• _To do_:
What you return must match the records word for word, except that pictures are dropped.

• _Records for the exercise_:

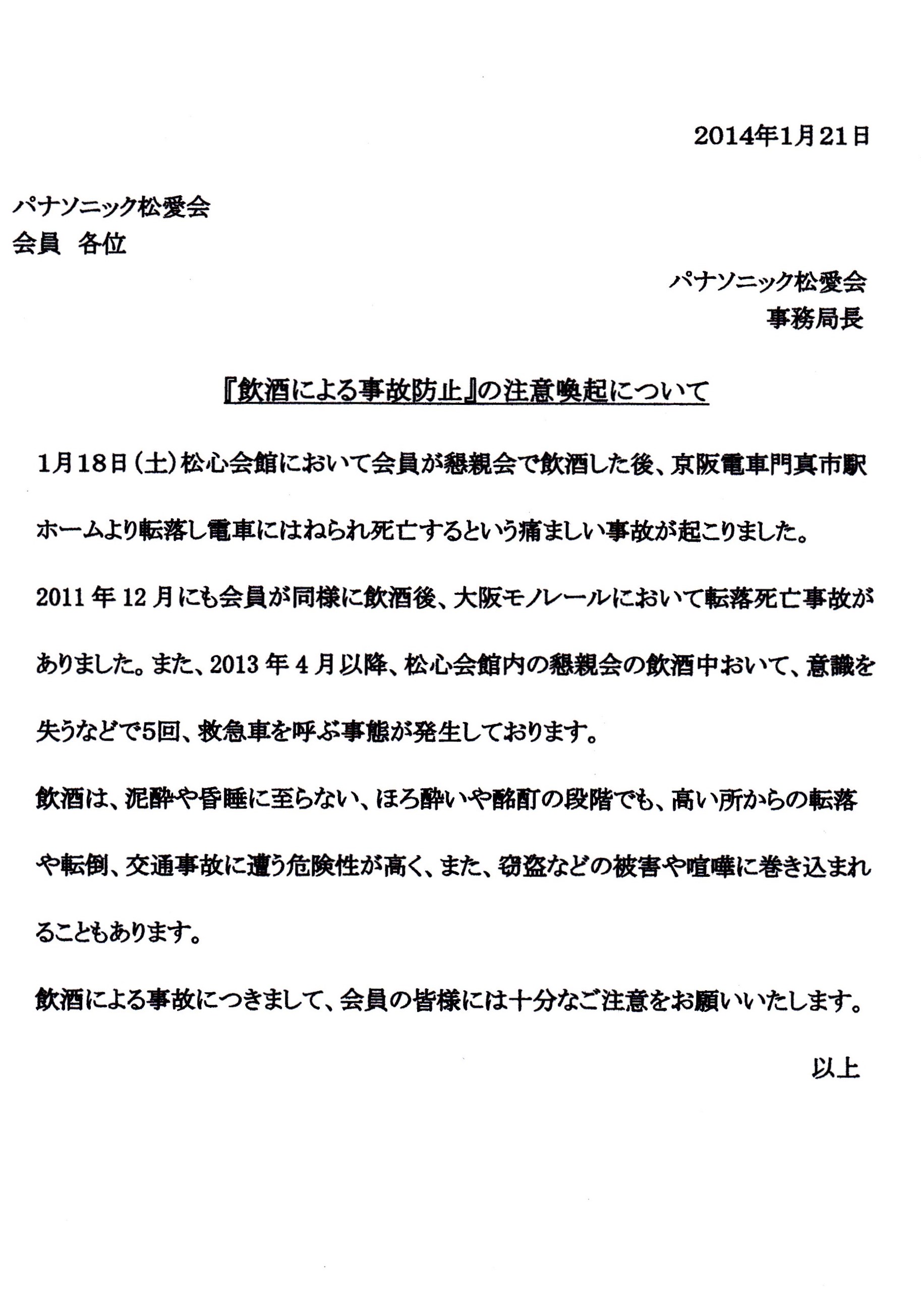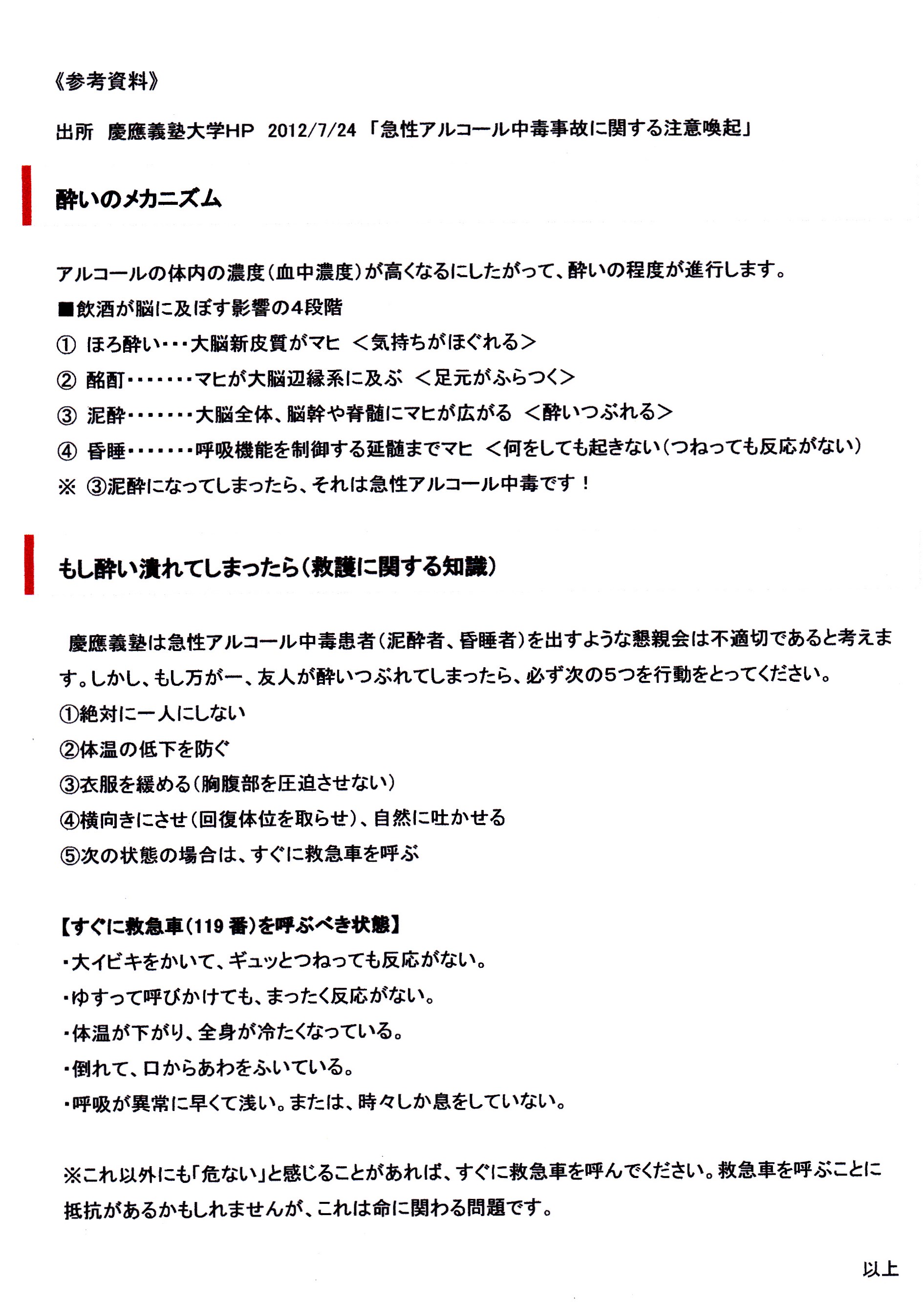 最近、飲酒事故が多発しています。十分ご注意ください。
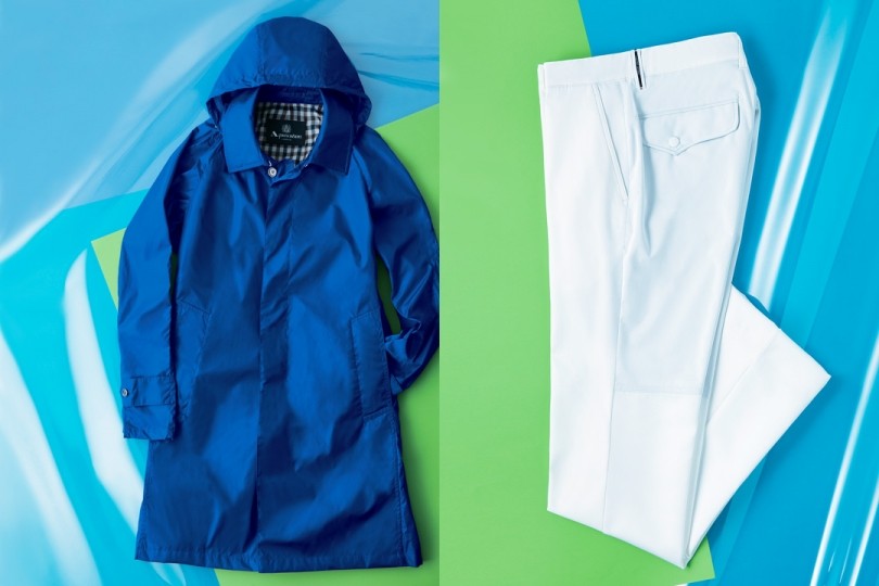 左:イタリアのリモンタ社製のポリウレタンコーティングの平織素材を使用したレインコート。後染めながら、深い色合いが楽しめます。フードは取り外しが可能。<Aquascutum/アクアスキュータム>レインコート 75,600円(メンズ館5階=ビジネスクロージング)
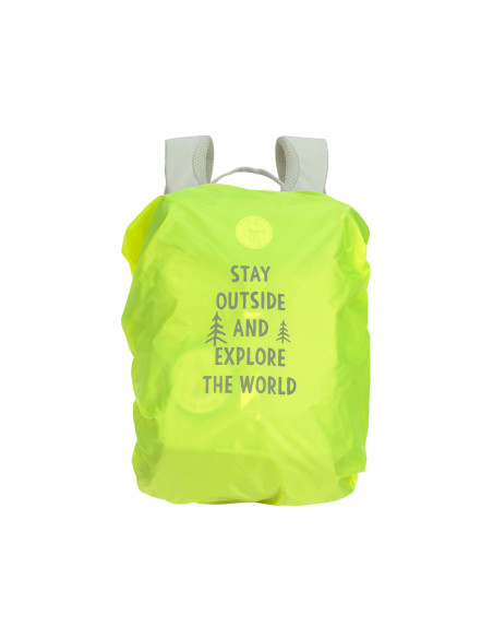 Ce sac à dos pour enfants Outdoor 9 L Sunny Explorer en matière déperlante est équipé d'une housse de pluie et d'un tapis de sol.
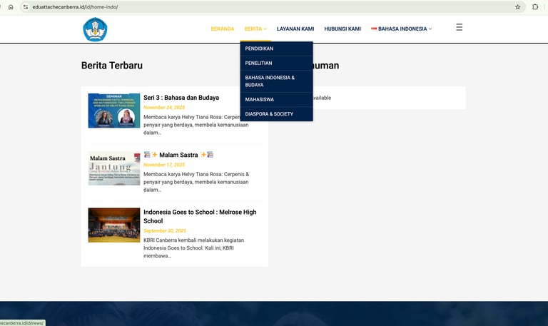 An official information platform for the Education and Cultural Attaché of the Indonesian Embassy in Canberra, supporting education, culture, and academic collaboration between Indonesia and Australia.
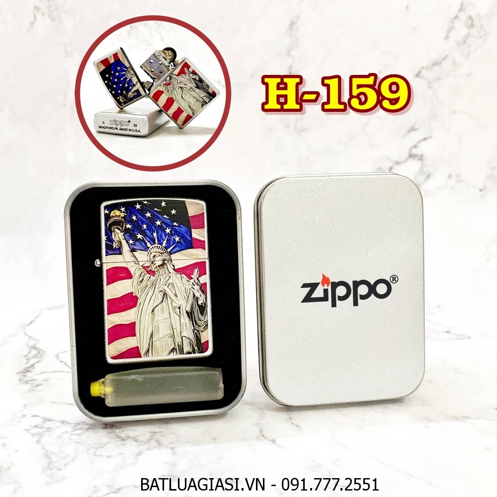 BẬT LỬA ZIPPO SƠN TĨNH ĐIỆN 2 MẶT HÌNH NỮ THẦN TỰ DO (CÓ MỘC ĐÁY) (HỘP THIẾC KÈM XĂNG) H-159

• _Response to this task_:
 最近、飲酒事故が多発しています。十分ご注意ください。
 左:イタリアのリモンタ社製のポリウレタンコーティングの平織素材を使用したレインコート。後染めながら、深い色合いが楽しめます。フードは取り外しが可能。<Aquascutum/アクアスキュータム>レインコート 75,600円(メンズ館5階=ビジネスクロージング)
 Ce sac à dos pour enfants Outdoor 9 L Sunny Explorer en matière déperlante est équipé d'une housse de pluie et d'un tapis de sol.
 An official information platform for the Education and Cultural Attaché of the Indonesian Embassy in Canberra, supporting education, culture, and academic collaboration between Indonesia and Australia.
 BẬT LỬA ZIPPO SƠN TĨNH ĐIỆN 2 MẶT HÌNH NỮ THẦN TỰ DO (CÓ MỘC ĐÁY) (HỘP THIẾC KÈM XĂNG) H-159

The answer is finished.